J’avais entendu dire que la municipalité organisait des balades en calèche qui partaient du parc des charmilles et je m’étais dis que cela pourrait être l’activité idéale pour une petite fille et son grand-père, d’autant que l’après-midi s’annonçait radieux. Nous trouvâmes rapidement un attelage, conduit par un jeune homme en contrat d’insertion handicap, assez simplet mais néanmoins très sympathique et serviable, qui me confia que nous étions ses tout premiers passagers et que c’était également la première fois qu’il allait exercer le métier de cocher. Après avoir fait les préparatifs d’usage et vérifié que notre monture avait été bien nourrie et hydratée, nous fûmes priés d’embarquer et nous prîmes la route tranquillement, pour un trajet découverte de la ville.
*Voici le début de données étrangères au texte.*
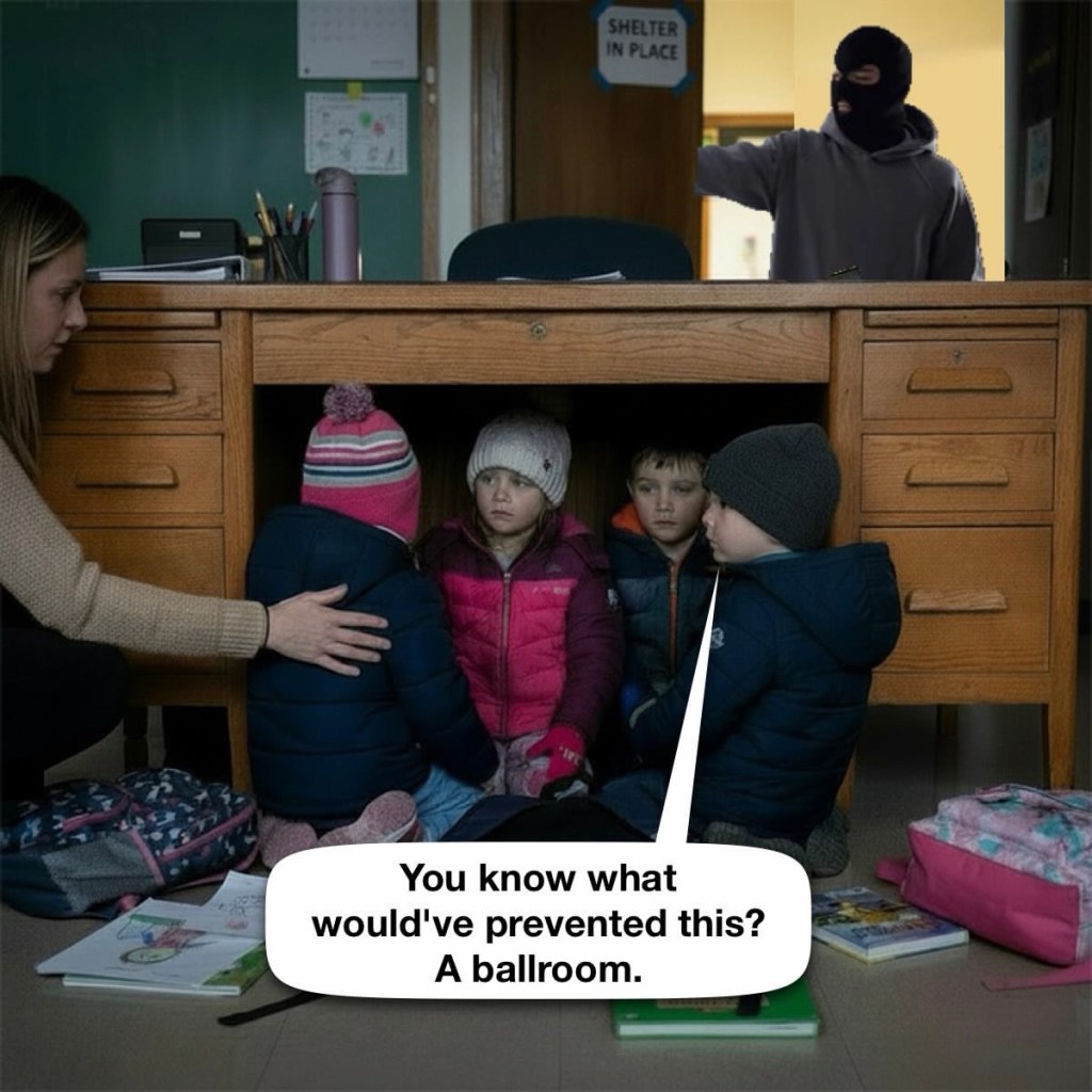 Trump’s argument, reinvigorated since Saturday and immediately sock-puppeted by all manner of right-wing influencers, is two-fold: First, the president needs a secure facility — unlike the Washington Hilton! — where the president can host grand gatherings, and, second, that the (re)construction of now-destroyed East Wing will enable the creation of a giant secure presidential bunker.

Dès les premiers tours de roues, je dois dire que ce fut pour moi un véritable plaisir que de redécouvrir les rues d’Aigre au son des sabots de la jument, qui nous tractait efficacement.
Tout se passait pour le mieux quand vers la fin du parcours, notre chauffeur perdit le contrôle de son cheval, qui s’engagea dans la cour de la gendarmerie, sous le regard médusé des fonctionnaires, qui firent preuve néanmoins de compréhension, en s’abstenant d’ouvrir le feu. Pendant quelques minutes qui me semblèrent une éternité, notre cheval effectua plusieurs tours de parking, et nous nous enfoncions dans nos sièges, tellement la gêne se faisait sentir. Notre cocher qui avait lâché les rênes, me fit part de son intention de sauter en marche mais je l’en dissuadai immédiatement, de peur qu’un geste brusque soit mal interprété et qu’une bavure ne soit commise.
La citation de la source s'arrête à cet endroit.